When I was a little girl, we had a pet monkey named Amanda. My Dad worked in the produce business, so each night he brought home that days culls in a big box - spotty cucumbers, pithy apples, limp celery, moldy oranges and the like. We called it a monkeybox. It was really just trash, but my Mom would take each piece of fruit and trim it, pare it and cut it up to make a beautiful fruit platter for Amanda. Even though it was deemed trash by one, it still had life left in it and was good for the purpose we needed it. That's how I live my life - thrifting, yard saling, looking for another's trash to be my treasure.

Tuesday, April 21, 2009

Done Sprung

After the ice storm, everything looked so sad. Sad is the best word I can think of to describe what all the destruction looked like to me. Sad. Broken tree tops, broken limbs, broken everything. Since the ice storm, there have been hundreds of trucks hauling storm debris from yards and by the roads. Truck after truck, day after day, load after load. If I never see another stick in my life, that is okay by me.

I wondered if Spring would ever come and when it did, what would it look like - would things still bloom and green up? Or would they still look sad? My answers came to me late last week as things started greening up once again. It is so nice to not see the broken limbs in the trees and the piles of debris everywhere.
Our Dwarf Peach tree encrusted in ice in January.

The very same tree with green leaves and a Mama Robin hiding.
(I know she is a Mama, keep reading...)

The huge one hundred year old tree out front covered in ice with broken limbs at it's feet.

It still has broken limbs, but they are breaking out with gorgeous green leaves.
This tree drops these horrendously sticky pods everywhere that I usually hate.
This year, I don't mind them so much.

The crunchy icy grass in January.

Freshly mowed (Thank you Breadman) green grass with cool shadows.


Forsythia in ice.

And the Forsythia all green. It never got the beautiful yellow flowers this year - I think the ice had something to do with that. I did find this one lonely little Forsythia bloom today.

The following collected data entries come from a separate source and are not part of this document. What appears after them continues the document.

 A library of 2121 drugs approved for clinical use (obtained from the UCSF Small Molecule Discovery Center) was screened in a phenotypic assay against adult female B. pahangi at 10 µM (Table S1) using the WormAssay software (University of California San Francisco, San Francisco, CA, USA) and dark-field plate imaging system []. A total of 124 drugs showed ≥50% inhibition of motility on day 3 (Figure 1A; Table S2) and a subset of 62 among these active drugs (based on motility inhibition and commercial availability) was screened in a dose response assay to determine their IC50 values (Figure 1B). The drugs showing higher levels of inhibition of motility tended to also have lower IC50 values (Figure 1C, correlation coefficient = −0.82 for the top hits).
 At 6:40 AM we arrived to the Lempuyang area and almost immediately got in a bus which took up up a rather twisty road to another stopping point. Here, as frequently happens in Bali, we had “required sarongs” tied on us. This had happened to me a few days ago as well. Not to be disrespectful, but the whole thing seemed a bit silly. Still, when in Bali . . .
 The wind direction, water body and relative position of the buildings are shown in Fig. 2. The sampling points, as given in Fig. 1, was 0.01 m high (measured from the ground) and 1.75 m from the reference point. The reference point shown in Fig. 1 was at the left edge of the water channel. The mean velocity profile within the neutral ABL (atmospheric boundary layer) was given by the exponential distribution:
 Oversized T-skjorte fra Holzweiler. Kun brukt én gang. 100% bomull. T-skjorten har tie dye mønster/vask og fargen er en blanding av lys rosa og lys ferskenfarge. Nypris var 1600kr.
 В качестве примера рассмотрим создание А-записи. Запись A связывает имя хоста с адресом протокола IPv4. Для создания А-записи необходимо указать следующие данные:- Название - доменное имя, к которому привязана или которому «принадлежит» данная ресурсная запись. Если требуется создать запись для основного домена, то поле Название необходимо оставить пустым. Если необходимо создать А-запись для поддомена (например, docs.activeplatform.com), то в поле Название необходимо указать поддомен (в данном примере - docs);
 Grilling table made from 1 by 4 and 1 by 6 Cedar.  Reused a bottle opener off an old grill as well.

The blackberry brambles covered in ice.


Sunday we were walking around the yard, doing some Spring yard work, when I noticed this birds nest in the blackberries.

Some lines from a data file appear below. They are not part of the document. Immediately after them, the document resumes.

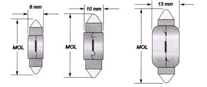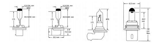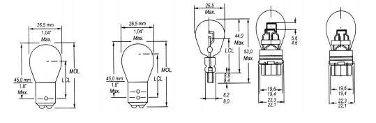 Para facilitar a conversão os fabricantes identificam as lâmpadas segundo características idênticas por um número específico homologado pelo American National Standards Institute (ANSI). Essas características incluem a forma do bulbo, as dimensões e as posições dos filamentos em relação à base. Como exemplo, uma lâmpada nº 1157 possui dois filamentos ( um de 32 candelas e o segundo de três candelas), uma base com dois pólos (D.C. Index) e o diâmetro do bulbo é de 1 polegada. O diâmetro e a forma do bulbo são expressos por um código formado por uma letra e um número. A letra significa a forma e o número corresponde á quantidade aproximada de 1/8 polegadas. Como por exemplo, o código S-8 designa um bulbo de forma esférica e um diâmetro de 8x1/8 po = 1 polegada.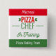 Pizza Backteam / Pizza Koch im Training - fett formatiertes Typografie-Design mit Rot , Weiß und Grün .Personalisieren Sie diesen Button für Kinder mit seinem Namen. Es ist aus dem Geschäft lumirala .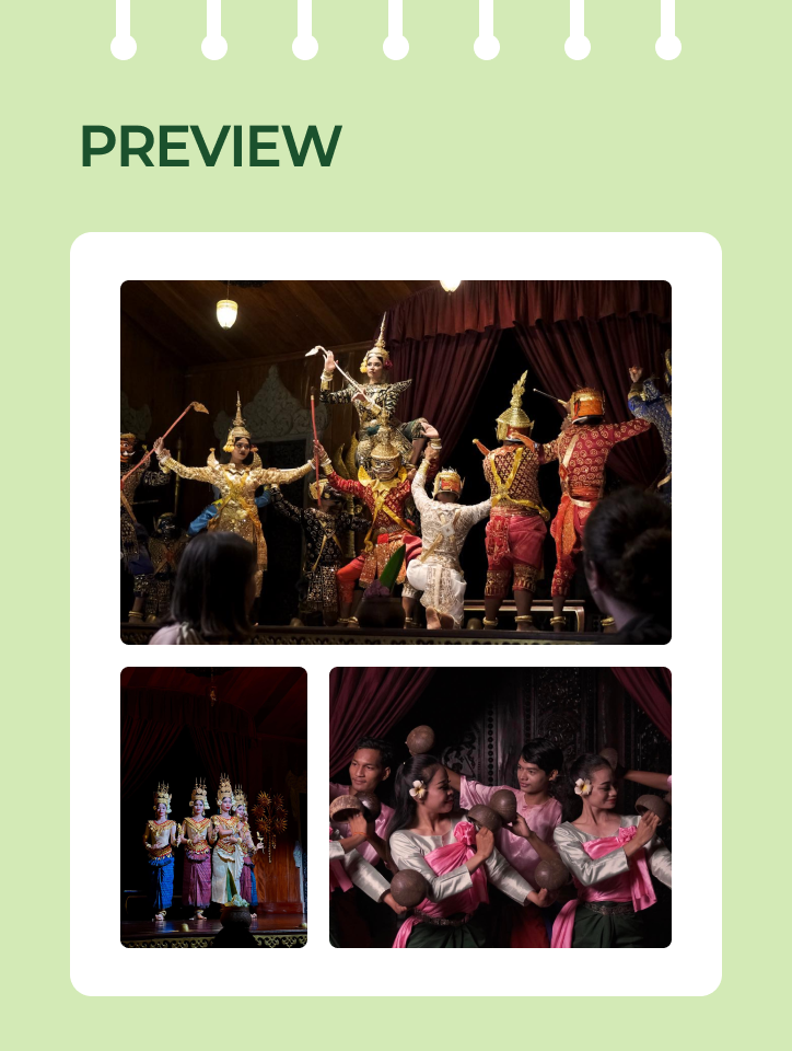 앙코르 시대 신화와 전설을 표현한 무용극은 물론, 현지 악기와 노래가 어우러져 캄보디아 전통예술의 정수를 체험할 수 있습니다.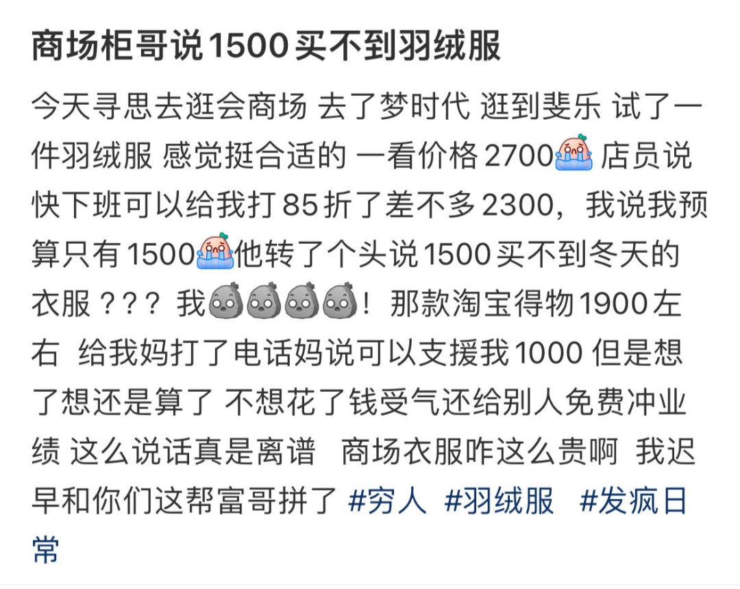 我到底有没有努力工作?这么多年了,怎么连羽绒服也买不起了?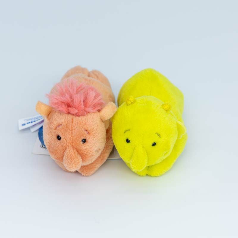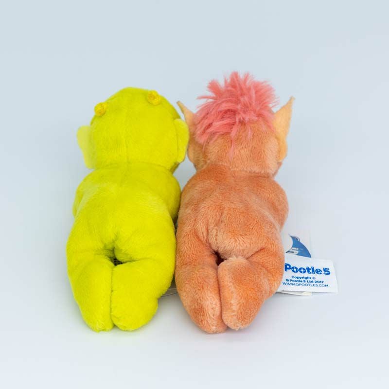 プートルとウープシーは、イギリスで出版されたこども向けの本「Q Pootle 5」がアニメーション化され、ドイツ公共放送局ZDFやBBCのこども向けチャンネルでも放送された大人気アニメのキャラクターです。宇宙を旅する緑色のプートル、ピンク色のウープシーはその親友です。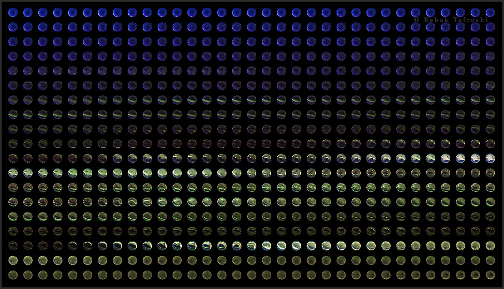 It looks like a fine collection of aggies. But this grid of embedded swirls and streaks actually follows the dramatic development of planet Earth's auroral substorms. The sequence of over 600 horizon-to-horizon fisheye images was taken over a 2 hour period near the artic circle in March of 2012 from Lapland, northern Sweden. It begins at upper left in evening twilight and ends at lower right, covering two activity peaks with bright coronae forming overhead. While exploring space between Earth and Moon, NASA's fleet of THEMIS spacecraft discovered that these explosions of auroral activity are driven by sudden releases of energy in the Earth's magnetosphere. Even if you're not playing for keepsies, you can follow this link to check out the sequence in a full timelapse video (vimeo).

Today we went out to check on the nest and found a Mama Robin guarding the nest.

She let me get really close before she flew away. But, not too far away.

Blue Robin's eggs! From a Mama Robin! In our very own once was covered in ice but is now GREEN yard.


Do you know how badly I would like this nest and these beautiful blue eggs in my living room under a cloche? This picture will have to do though. Stay tuned...for baby bird photos. *Cross your fingers*

8 comments:

  1. Anonymous2:31 PM

    beautiful, shara!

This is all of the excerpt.